You could say something like, "I am sorry for ________, it seems to have upset you and I didn't want that to happen." You really aren't apologizing for what you have DONE but for the misconceptions that might have arisen from it - on here (EP, the computer), we don't get the benefit of facial ex
And I would hope that a sincere apology would always work - it is sad when that happens, but you can't be responsible for someone else not taking your apology and granting forgiveness - then it becomes their issue to deal with...
If you have not done anything wrong then this is a misunderstanding of sorts. Rather than apologize, try communicating your feelings about this situation. This way you give yourself validation in the other persons eyes.
You could say that you are sorry for the misunderstanding and want to talk about this but you will give your power away if you apologize for something that you did not do.
If this is a common occurrence with a particular person then a re-evaluation of the balance of power might be helpful. One has the role of power and one takes the role of being wrong most of the time and this is not healthy emotionally.
well apologising doesn't mean you are always wrong but u value more the relationship than personal pride.
say your sorry for making them feel that you did something wrong, and explain you didnt mean any harm by it.
"I'm sorry you feel that way" lol
I always say "I apologize...."
Sorry indicates that you actually feel "sorry", whereas apologizing is just an empty verb.
It actually makes me really mad when someone is disingenuous enought to say.."I'm sorry you feel that way" or "I'm sorry if that bothered you"....In other words they're sorry I'm wrong...It's not a true apology....
In order to truly apologise you need to understand the error...understand the affect...and consequences....
Then take ownership! Nothing less than full responsibility for the mistake and a sincere offer to make amends...I'm sorry is soo anemic! Say why you're sorry...recognize the hardship it caused and find out what you can do...if anything...
You want to know how to say you're sorry when you've done nothing wrong? Then learn to see it from their perspective...only then will you be able to empathize and see the error enough to give a real apology...
sumtimes its jz better 2 say it n 4gt it n get on wif life...if ppl frm al around d world kip on thinkin bout dis life wouldn't go on..rite? MOVE IT,PPL!
just to see a little smile on the face of the person i love.
i'm ready to say 'i am sorry' a zillion times even if i'm not wrong.
Depends, what did you do wrong that you're in denial about?
I say that because otherwise you wouldn't need to apologize....
To those who know me I am forever appologizing for EVERYTHING. I imagine it gets annoying.
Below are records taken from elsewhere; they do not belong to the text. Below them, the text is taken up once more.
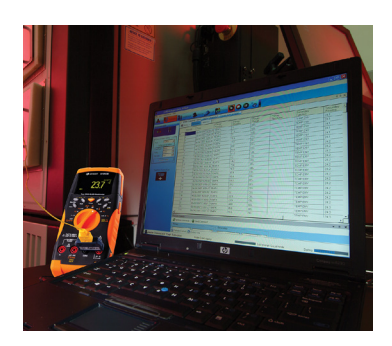
Figure 1. Automate recording of measurements with bundled GUI data-logging software.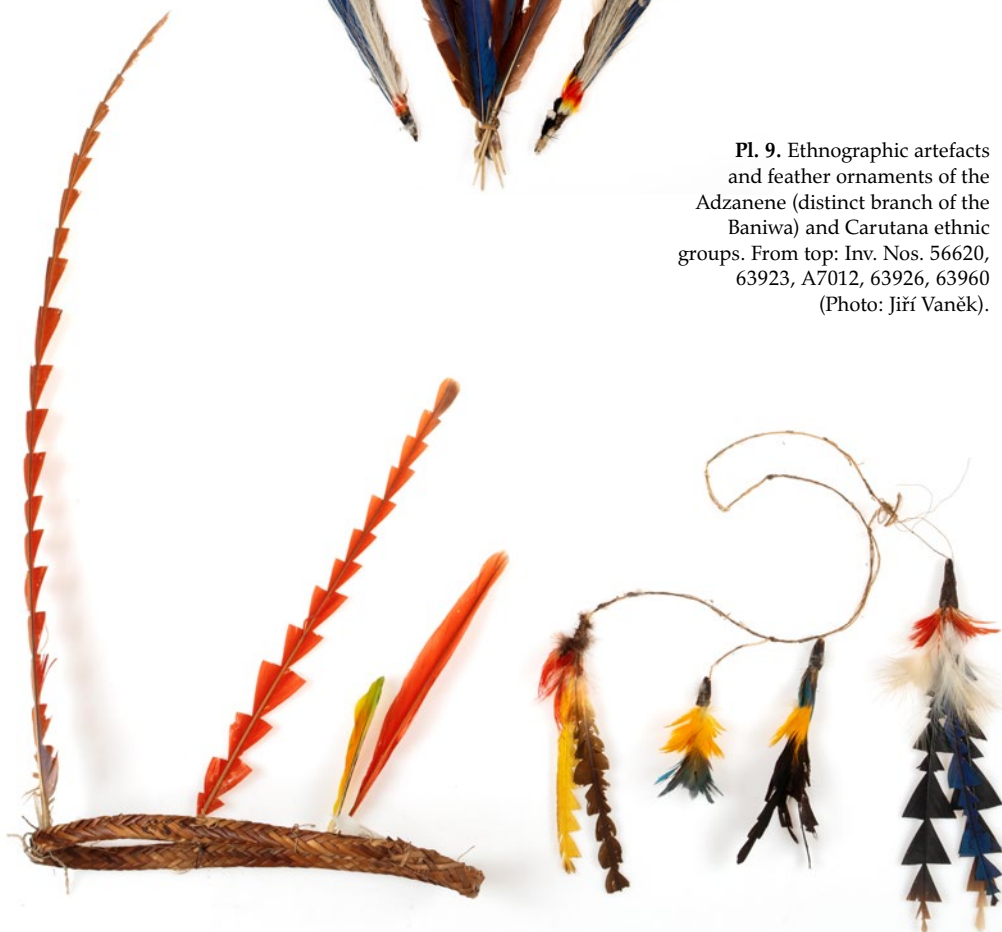
Pl. 9. Ethnographic artefacts and feather ornaments of the Adzanene (distinct branch of the Baniwa) and Carutana ethnic groups. From top: Inv. Nos. 56620, 63923, A7012, 63926, 63960.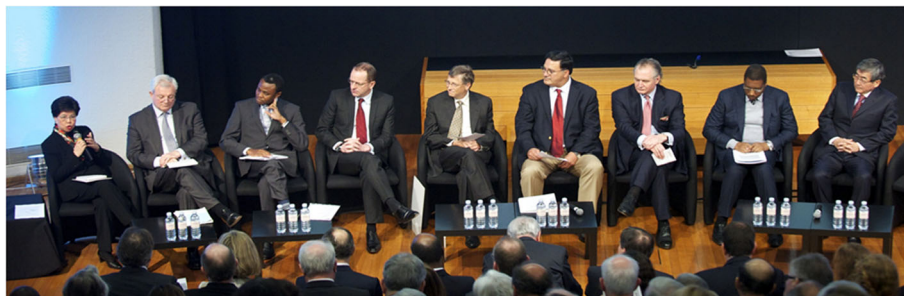
Fig. 2 Announcement of the London Declaration on NTDs in January 2012 by representatives of key partner groups in the global effort to combat NTDs, the World Health Organization, bilateral donor agencies (UKAID and USAID), ministries of health of endemic countries (Mozambique and Tanzania), pharmaceutical companies (GSK, Merck KGaA, and Esai), and philanthropic foundations (Bill and Melinda Gates Foundation). NTDs: Neglected tropical diseases

Expanded disease mapping, systematic data collection and monitoring of progress has allowed to know where the worlds neediest are, to track equitable access to preventive treatments, and to hold countries accountable [19, 20]. As an example, a recent collaborative initiative between Uniting to Combat NTDs , the WHO including ESPEN, and the Organization of African Unity (OAU), like the Africa Leaders' Malaria Alliance, has introduced a combined coverage score for the five most prevalent NTDs. This aggregate coverage figure that reflects a country's performance in implementing large scale preventive treatment is reviewed every year by African Heads of State at the OAU General Assembly. In the three years for which the NTD score has been calculated, 2015, 2016 and 2017, great progress has been achieved, with 15 OAU member countries having achieved the WHO recommended coverage of 75% or more for all five NTDs in 2017, as compared to only 3 in 2015. The number of countries having achieved between 25 and 74% coverage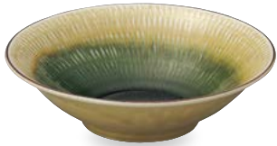
512 67 011 8.5平鉢 D-26.1 H-7.2 ¥2,800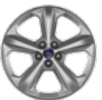
18" SPARKLE SILVER-PAINTED ALUMINUM Standard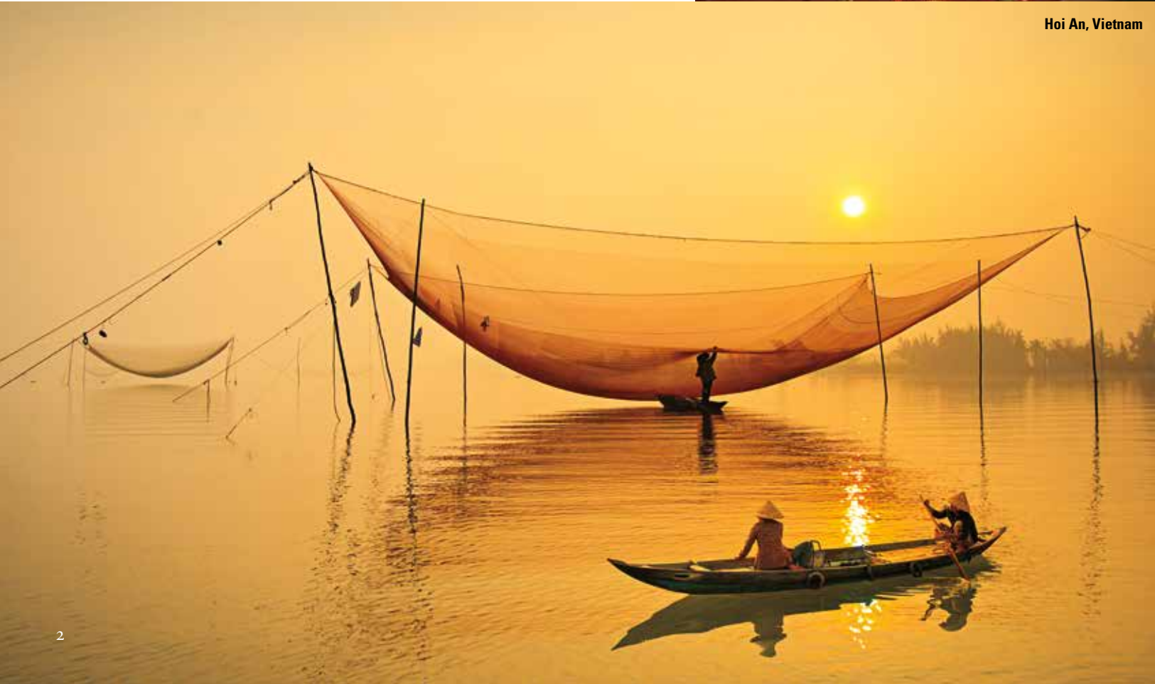
Hoi An, Vietnam

After sailing east to the exotic worlds of Japan, China and Indonesia, this voyage ventures Down Under and through the South Pacific, overnighting in six iconic cities along the way.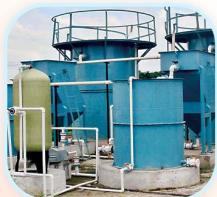
STP (SEWAGE TREATMENT PLANT)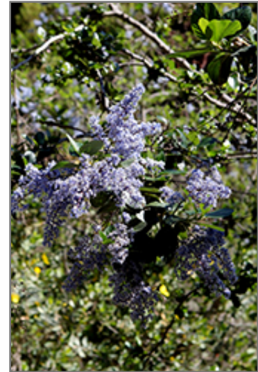
Powder Blue Ceanothus flowers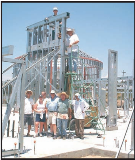
San Diego Peace Corps Association Work Party July 2006

In 2006, we moved into Phase II of our construction project. As 2006 comes to a close, we’re proud to announce that we have completed the Friends Center’s load-bearing portion of the frame, using donated light-gage steel. As you can see, the building is really taking shape!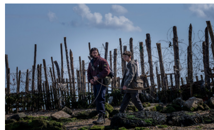
28 Years Later

In this terrifying zombie thriller, a group of survivors venture beyond the safety of their island into the dark heartland of the infected.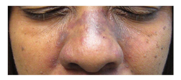
Fig. 15. Lichen planus/ lupus erythematosus overlap.

Hypertrophic LP lesions typically present as red, yellow-gray, or redbrown papules and plaques, most often on the pretibial area of the lower extremity and the ankles. Lesions can also appear on other areas of the lower limb, the upper limb, trunk, or in a generalized fashion. They are firm to palpation and display a vertucous or hyperkeratotic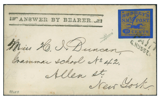
Hussey's 25¢ Gold on Blue Glazed paper Special Delivery (Sc. 87LE5) tied by "Paid/G.Hussey" two-line handstamp with "Answer by Bearer" straightline handstamp on cover to local street address.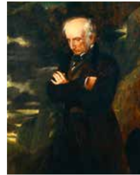
William Wordsworth (1770-1850)

We took the early part of the tide, and entered these vast and desolate plains before the sea had entirely left them, or the morning mists were sufficiently dissipated to allow a view of distant objects; but the grand sweep of the coast could be faintly traced, on the left, and a vast waste of sand stretching far below it, with mingled streaks of gray water, that heightened its dreary aspect. The tide was ebbing fast from our wheels, and its low murmur was interrupted, first, only by the shrill small cry of sea-gulls, unseen, whose hovering flight could be traced by the sound, near an island that began to dawn through the mist; and then, by the hoarser croaking of sea-geese, which took a wider range, for their shifting voices were heard from various quarters of the surrounding coast. The body of the sea, on the right, was still involved, and the distant mountains on our left, that crown the bay, were also viewless; but it was sublimely interesting to watch the heavy vapours beginning to move, then rolling in lengthening volumes over the scene, and, as they gradually dissipated, discovering through their veil the various objects they had concealed—fishermen with carts and nets stealing along the margin of the tide, little boats putting off from the shore, and, the view still enlarging as the vapours expanded, the main sea itself softening into the horizon, with here and there a dim sail moving in the hazy distance. The wide desolation of the sands, on the left,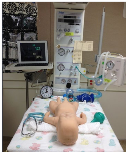
Figure 1. A fully equipped radiant warmer allows 1 instructor and 3-4 learners to practice all resuscitation skills, perform short scenarios as skills are learned, perform the Integrated Skills Station, and practice Simulation and Debriefing.

The NRP skills videos are now available for everyone to view by going to the NRP website ( aap.org/nrp ) and clicking on NRP Skills Videos in the Quick Links.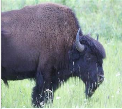
American Bison ( Bos bison Linnaeus )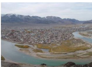
Shiveet Khaikhan 📍 🚗 220km - ⌚ 6h 30m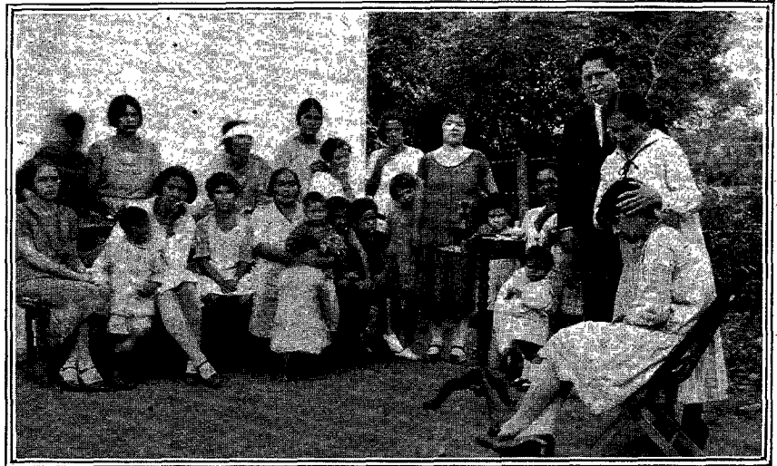
Medical Missionary Work in Asunción, Paraguay.

Oh gods I almost just said sorry for that too.
If you truly don't think you have done nothing wrong you shouldn't need to appologize. (says the appology hypocrite) Just keep being your humorous self. I don't want you to change.
I like the responses. In answer to the people who indicate that you really must be at fault if you're needing to apologize...sometimes a boss or power situation can force you to apologize to someone/others when you are not at fault. In the work situation, this is often done to take the heat off the boss, in many cases the real person at fault. It sucks, but I did like reading the various comments. Thanks, people out there. I joined this site just to respond to this.